* [What you have to do]: Could you write out, exactly, every line from the top of the data through the line holding "After his death"? Omit the pictures.
•••••
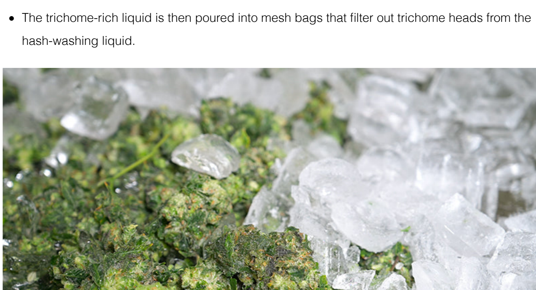
Fresh frozen cannabis being washed with ice and water to mechanically separate the trichomes from the plant material.
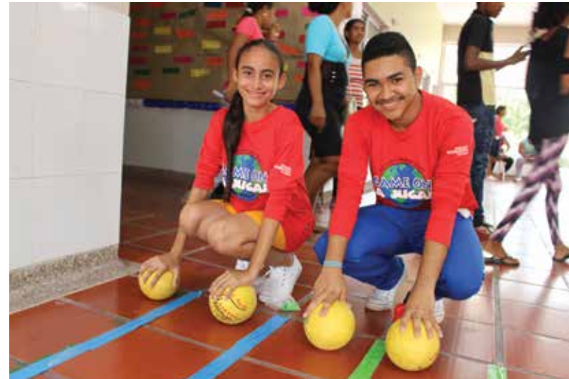
RIGHT: Using teamwork to solve a puzzle develops skills that are important for securing jobs that lift kids out of poverty.
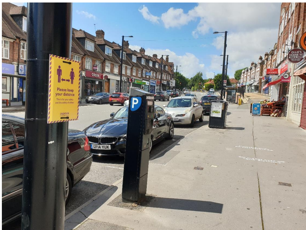
Selsdon High Street on the Northern side looking West towards Sainsbury's
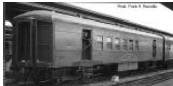
DP-3800 N&W RPO
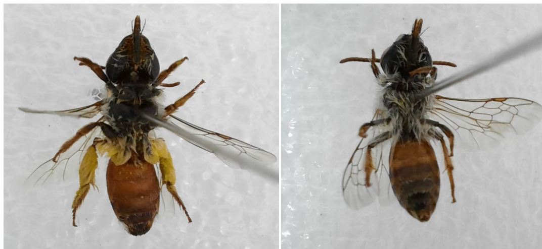
Fig 2. Hind legs of A. savignyi : (a) female with load of pollen grains, (b) male.

in Table 1. The results of GLMM showed that females had significantly higher visitation frequency and visitation rate while lower stay time than the males. The results of t-test showed that females harvested and deposited more pollen grains than the males, potentially due to the presence of scopa on the hind legs of females (Fig 2).
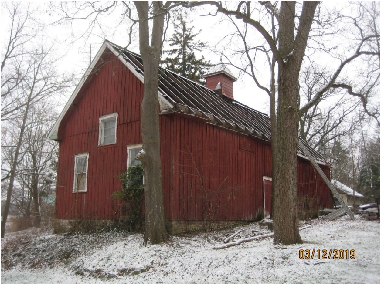
Image 5: Photograph of the west side of the accessory building, showing the removed roof sheathing, December 3, 2019.
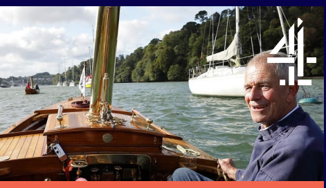
Devon & Cornwall – Monday 8pm
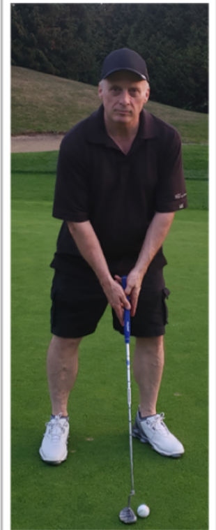
Author: Norman JN Lobb

Themes of AI ethics, digital consciousness, and post-collapse survival
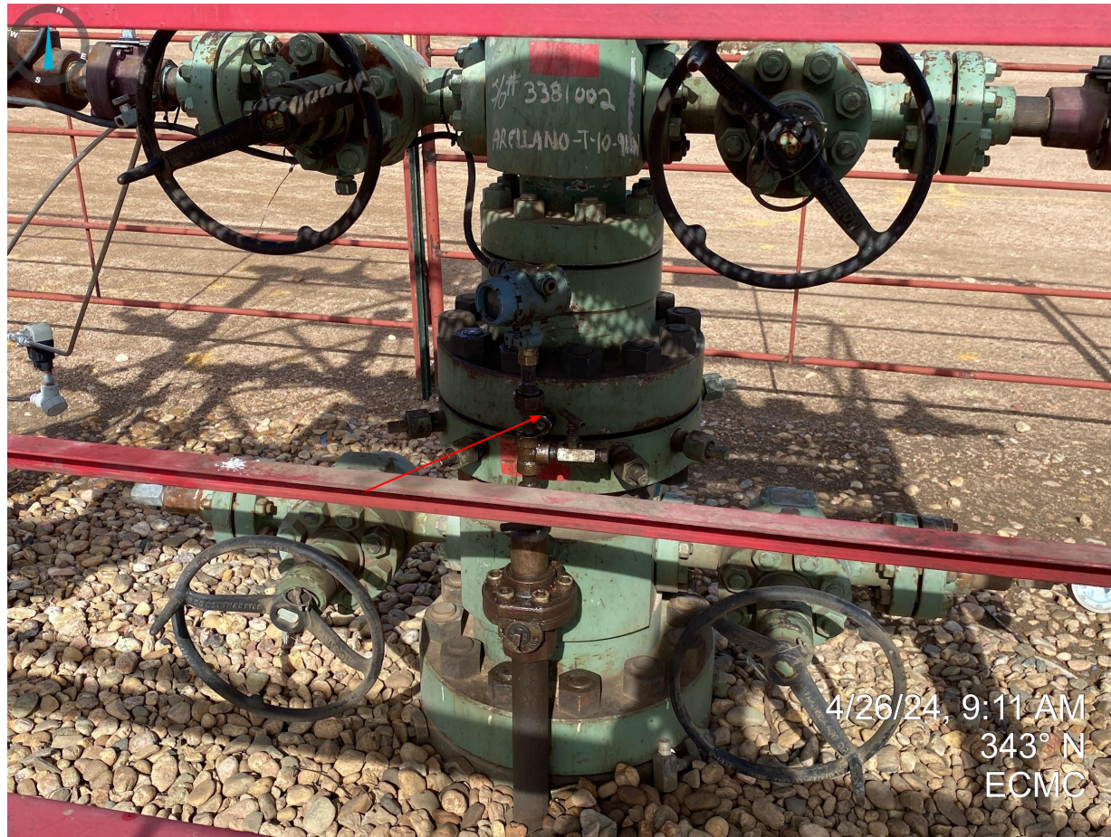
Photo 2. Hydrocarbon staining on wellhead equipment - inspect mechanical conditions.
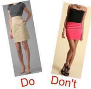
Skirts must be longer than fingertip length.
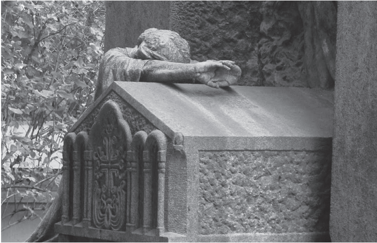
Fig. 6. Tarchanoff's grave in Petersburg

After his death in 1908, Tarchanoff was first temporarily buried in a Kraków cemetery, yet his body was moved to Saint Petersburg where it was finally interred in the cemetery by the Alexander Nevsky Lavra.
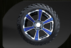
14" Color Matched Silent Tire with Offroad Thread
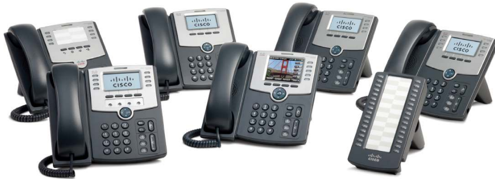
Figure 6. Cisco SPA 500 Series IP Phones

Part of the Cisco Small Business Pro Series; The Cisco SPA 500 Series IP Phones (Figure 6) are a robust portfolio of small business phones that provide a rich user experience with Cisco wide band audio support, XML applications, and intuitive menu options. Intended for use with the Cisco Smart Business Communications System and Cisco SPA9000 Voice System applications, or SIP based open source or hosted IP telephony solutions.
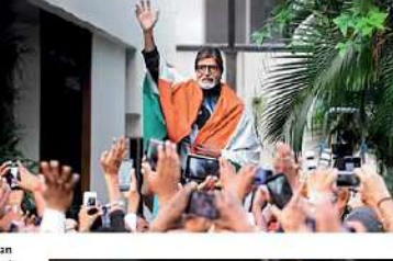
Amir Khan decided to celebrate India's victory over Pakistan in the World Cup in 2015 by waving a tricolour, and even expressed his joy by wrapping himself up in it. 'Such a great joy when you drape the national flag over your shoulders, wrapped around in patriotic fervour... it is the ultimate emotion', he had written on his blog. It took several months for someone to realise they were offended and a case was filed against him and Abhishek for 'covering their bodies with the flag in a manner insulting to the nation'.
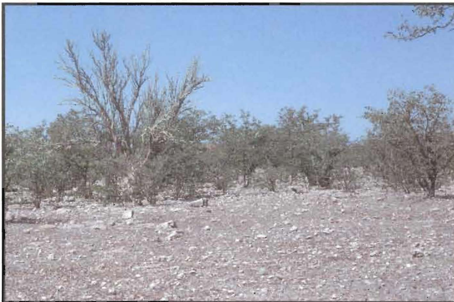
Figure 6 Sesamothamnus guierichii in a Colophospermum mopane community on calcareous soils.
•••••
* [Solution below]:
Fresh frozen cannabis being washed with ice and water to mechanically separate the trichomes from the plant material.
RIGHT: Using teamwork to solve a puzzle develops skills that are important for securing jobs that lift kids out of poverty.
Selsdon High Street on the Northern side looking West towards Sainsbury's
DP-3800 N&W RPO
Fig 2. Hind legs of A. savignyi : (a) female with load of pollen grains, (b) male.

in Table 1. The results of GLMM showed that females had significantly higher visitation frequency and visitation rate while lower stay time than the males. The results of t-test showed that females harvested and deposited more pollen grains than the males, potentially due to the presence of scopa on the hind legs of females (Fig 2).
Image 5: Photograph of the west side of the accessory building, showing the removed roof sheathing, December 3, 2019.
Devon & Cornwall – Monday 8pm
Author: Norman JN Lobb

Themes of AI ethics, digital consciousness, and post-collapse survival
Photo 2. Hydrocarbon staining on wellhead equipment - inspect mechanical conditions.
Skirts must be longer than fingertip length.
Fig. 6. Tarchanoff's grave in Petersburg

After his death in 1908, Tarchanoff was first temporarily buried in a Kraków cemetery, yet his body was moved to Saint Petersburg where it was finally interred in the cemetery by the Alexander Nevsky Lavra.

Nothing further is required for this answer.